What the task requires → Output the lines of the records below exactly, beginning at their first line and ending at the line with "美しい雪解け水が流れる時季に開催される、家族向けのアマゴ釣り大会。"; include no pictures.

Data extracted from a collection →
_ _ _
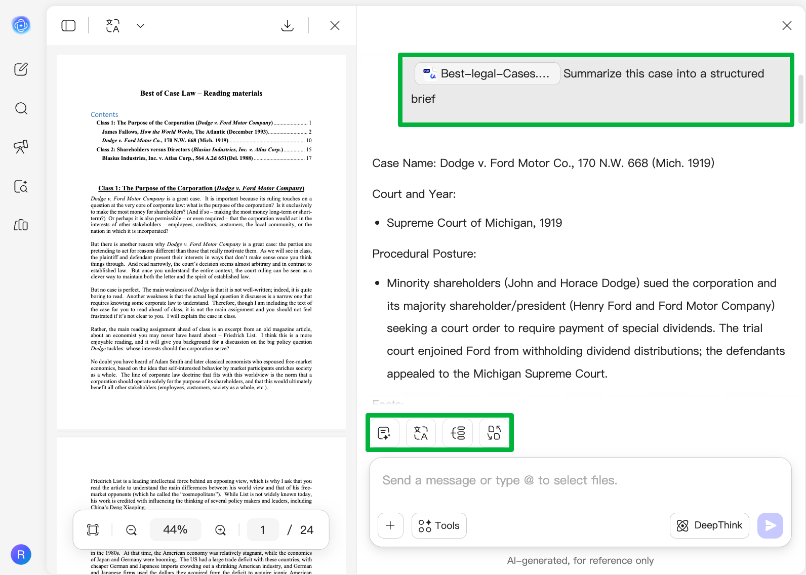 Send a simple prompt like “Summarize this case into a structured brief” or “Identify facts, issues, and rulings.” UPDF AI will instantly break down the case into clear, organized sections.
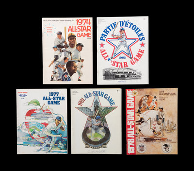 A Group of Five 1970s - 1980s Major League Baseball All-Star Game Programs and Media Passes,
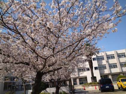 今日から新年度がスタートしました!今日も日中は25℃に達する夏日となりました。いつ観ても校内の桜はきれいに咲いております!
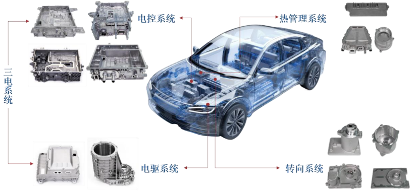 近年来,公司精准把握汽车新能源化和轻量化的战略发展机遇,新能源汽车三电系统零部件产品已成为公司业绩增长的重要驱动力,其产品主要包括OBC 箱体、车载电源集成产品箱体和端盖、逆变器壳体、电机盖板等。
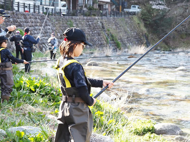 美しい雪解け水が流れる時季に開催される、家族向けのアマゴ釣り大会。
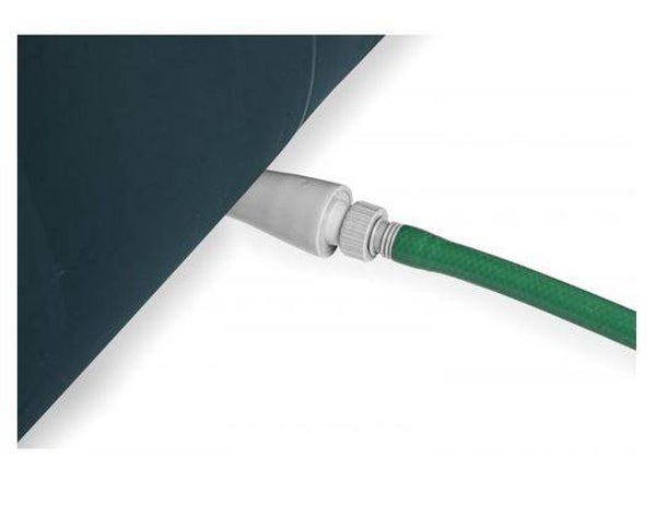 - Integriertes Ablassrohr + Gartenschlauchadapter
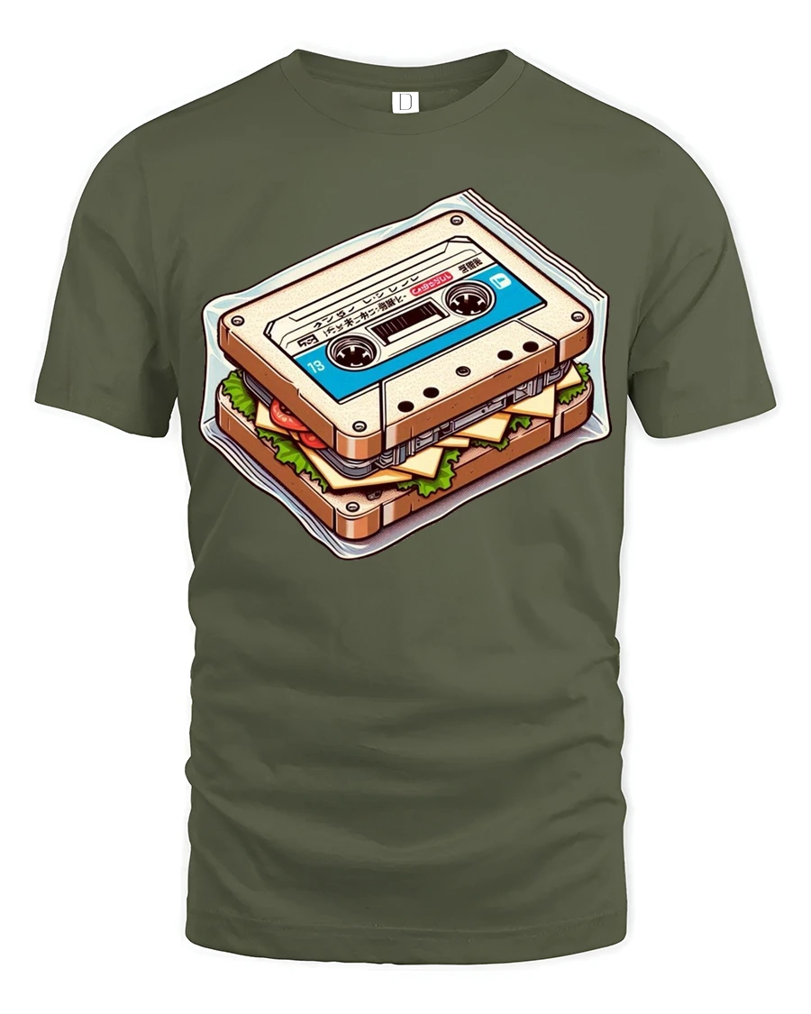 Retro Cassette Sandwich Funny Vintage Food Music T Shirt - military green t-shirt on white background
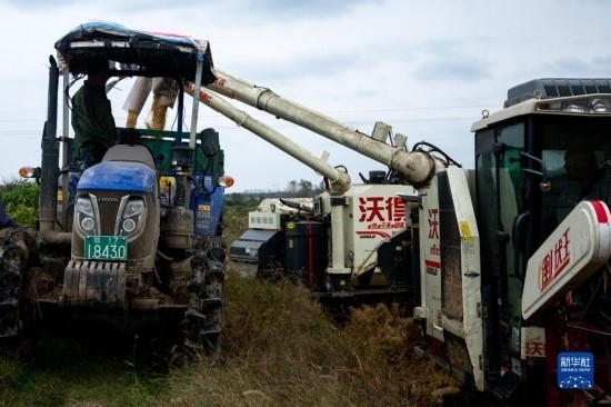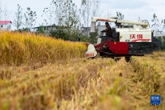 在湖北省天門市石家河鎮(zhèn)唐店村,農(nóng)民操作農(nóng)機(jī)收割水稻(10月19日攝)。
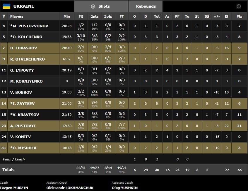 Le début de match a été compliqué pour les deux équipes, même si l’Italie a pris les devants 9-8 après 4 minutes de jeu en ne perdant qu’un ballon. C’est pourtant l’Ukraine (qui aura pris jusqu’à 5 points d’avance dans le match, contre 17 pour l’Italie) menée par Viacheslav Kravtsov qui s’est retrouvée en tête (19-16) à la fin du 1er quat-temps en shootant à 60%. Marco Belinelli a ensuite repris les choses en main en enchaînant les tirs à 3-points pour donner 8 points d’avance aux siens en fin de 1ère mi-temps, 37-29. Grâce à lui et Daniel Hackett (4 points, 5 passes et 3 rebonds à la mi-temps), les Italiens ont réussi à creuser un écart de 10 points à la pause, 43-33.
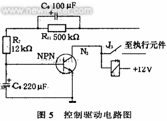 单片机,输出的控制信号首先送入由电容器和电阻构成的延时电路,经过延时处理后,再送入继电器驱动三极管基极,最后由驱动三极管控制执行元件用继电器,从而控制执行元件。如图5所示。
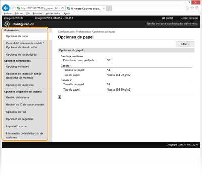 Puede cambiar la configuración en [Opciones de gestión del sistema] solo cuando inicie sesión en el modo Administrador del sistema.
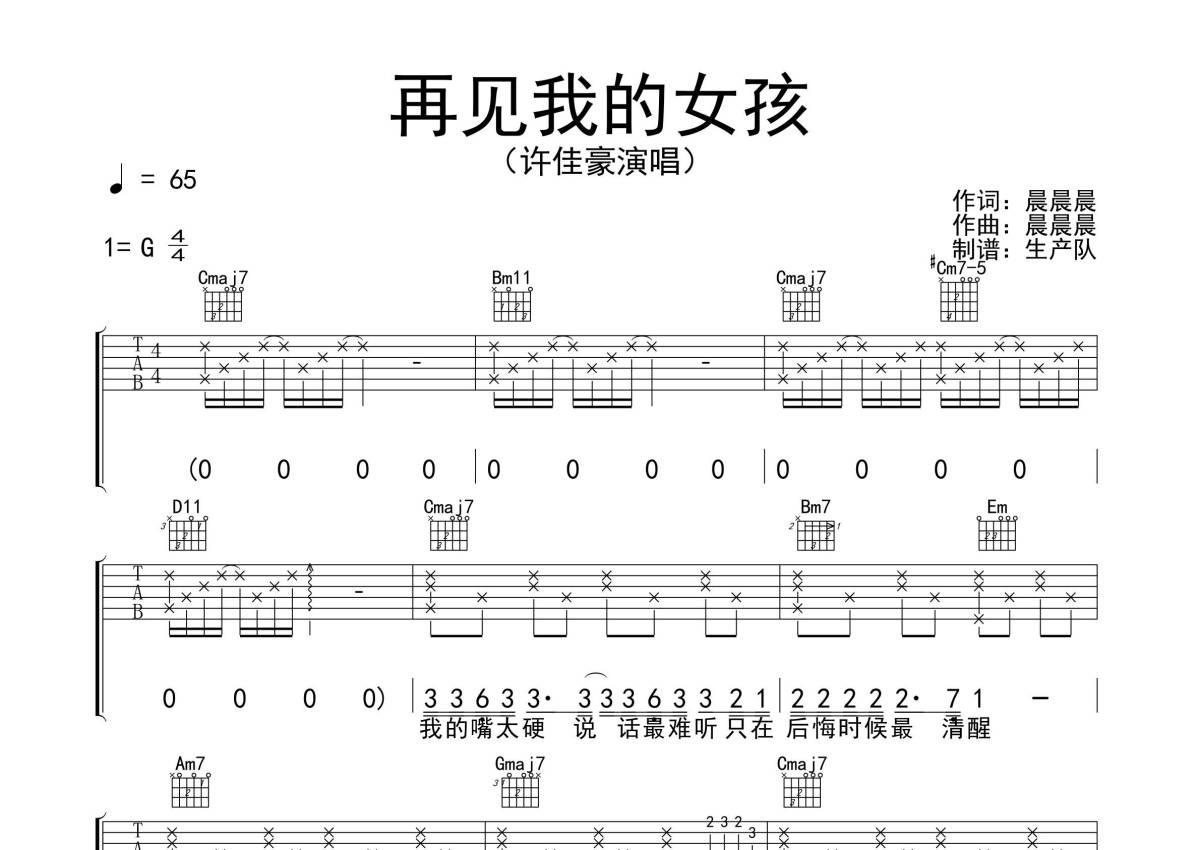 许佳豪《再见我的女孩》吉他谱 - G调弹唱六线谱
_ _ _
Solution for this problem →
 Send a simple prompt like “Summarize this case into a structured brief” or “Identify facts, issues, and rulings.” UPDF AI will instantly break down the case into clear, organized sections.
 A Group of Five 1970s - 1980s Major League Baseball All-Star Game Programs and Media Passes,
 今日から新年度がスタートしました!今日も日中は25℃に達する夏日となりました。いつ観ても校内の桜はきれいに咲いております!
 近年来,公司精准把握汽车新能源化和轻量化的战略发展机遇,新能源汽车三电系统零部件产品已成为公司业绩增长的重要驱动力,其产品主要包括OBC 箱体、车载电源集成产品箱体和端盖、逆变器壳体、电机盖板等。
 美しい雪解け水が流れる時季に開催される、家族向けのアマゴ釣り大会。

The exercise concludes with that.